Sáráhkká is depicted on Sámi drums with a forked stick.

Sáráhkká (also Sarakka, Saaraahka, Sadsla-akka and Saredne) is a goddess in Sámi shamanism connected to childbirth. She is one of the daughters of Máttaráhkká along with Juoksáhkká and Uksáhkká. After Radien-attje hands a fetus to Máttaráhkká who gives it life, she hands it over to Sáráhkká who puts it in the woman's womb and gives the fetus a body. She lived in ground under the goahti with her mother and sisters. She was only known to Sámi in modern day Norway and Sweden, not in Finland or Russia.

She is the most important and worshipped out of the Sámi goddesses of childbirth. She protected and eased with the birthing pains of not only humans but reindeer as well. She also felt the same pains as a woman giving birth, and she was very important for Sámi women. Before labour, the woman drank "Sáráhkká's booze" and after, she ate "Sáráhkká's porridge".

She was also worshipped during menstruation, when women had to take off their collars and belts for Sáráhkká. A menstruating woman was not allowed to step over a man's foot or gun nor go too close to the coastline where fishermen threw their fish from the boats, nor milk cows. After period, a woman baked a pastry only the women were allowed to eat.

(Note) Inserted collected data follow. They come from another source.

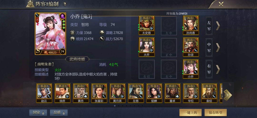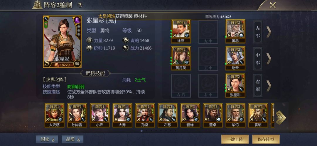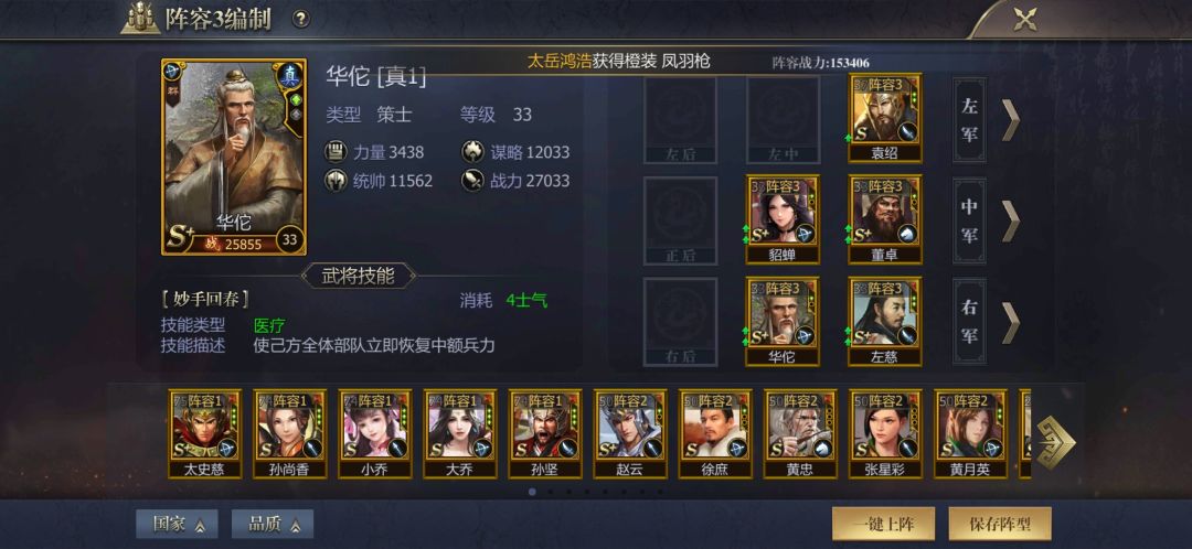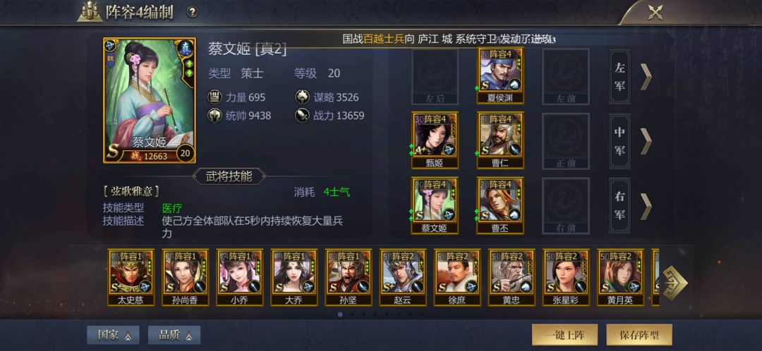 ,群雄队是后期平民玩家的首选阵容,无需V12武将作为核心输出,甚至加势力武将伤害的董卓,连V武将都不是,相比其他势力V10武将可谓亲民,以左慈为核心群体伤害不俗,遇上能清除负面效果的郭嘉就将袁绍换成张角,有条件可换成吕布,亦可一战。3堪势在这里就没什么好说的了,就是武将的站位需要根据敌方的站位来调整,打副本的话就会深有体会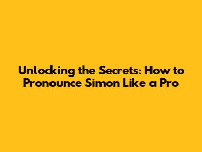 Unlocking The Secrets: How To Pronounce Simon Like A Pro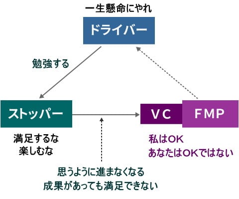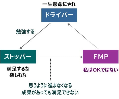 そして、思うように進まなくなったことで挫折感を持ったり、成果に満足できず、「私はOKではない」という感情(ラケット感情、FMPという)を持ちます。

Her name has been connected to the word sárrit ("to split"). Wood was split into two for Sáráhkká in order to make childbirth easier. These pieces of wood were considered so scared one was not permitted to even touch them. Spring water was also poured on the ground for Sáráhkká. Animals were also sacrificed: when a woman felt she was going to be a mother, she got a dog and kept it until it was time for labour. Then she'd bury the dog alive so the gods would help her. After a successful birth, a reindeer or other domesticated animal was sacrificed. Only female animals were sacrificed with the exception of roosters. Some pregnant women offered Sáráhkká alcohol, meat and cheese, usually in the fireplace; she lived below the hearth.

Christianity had an effect on the cult of Sáráhkká. There were baptisms (laugo) where a child was given the name of an ancestor and devoted to Sáráhkká. Before or after going to church, people held events were they consumed the "flesh and blood of Sáráhkká", and this was also held for other gods so they wouldn't be angry with the Sámi when they were forced to go for the Eucharist by priests. Later, Virgin Mary replaced Sáráhkká. The Sáráhkká cult developed so she was worshipped not only by women but men as well.

The modern Sámi women's organisation The Sarahkka formed in 1988 is named in honor of her.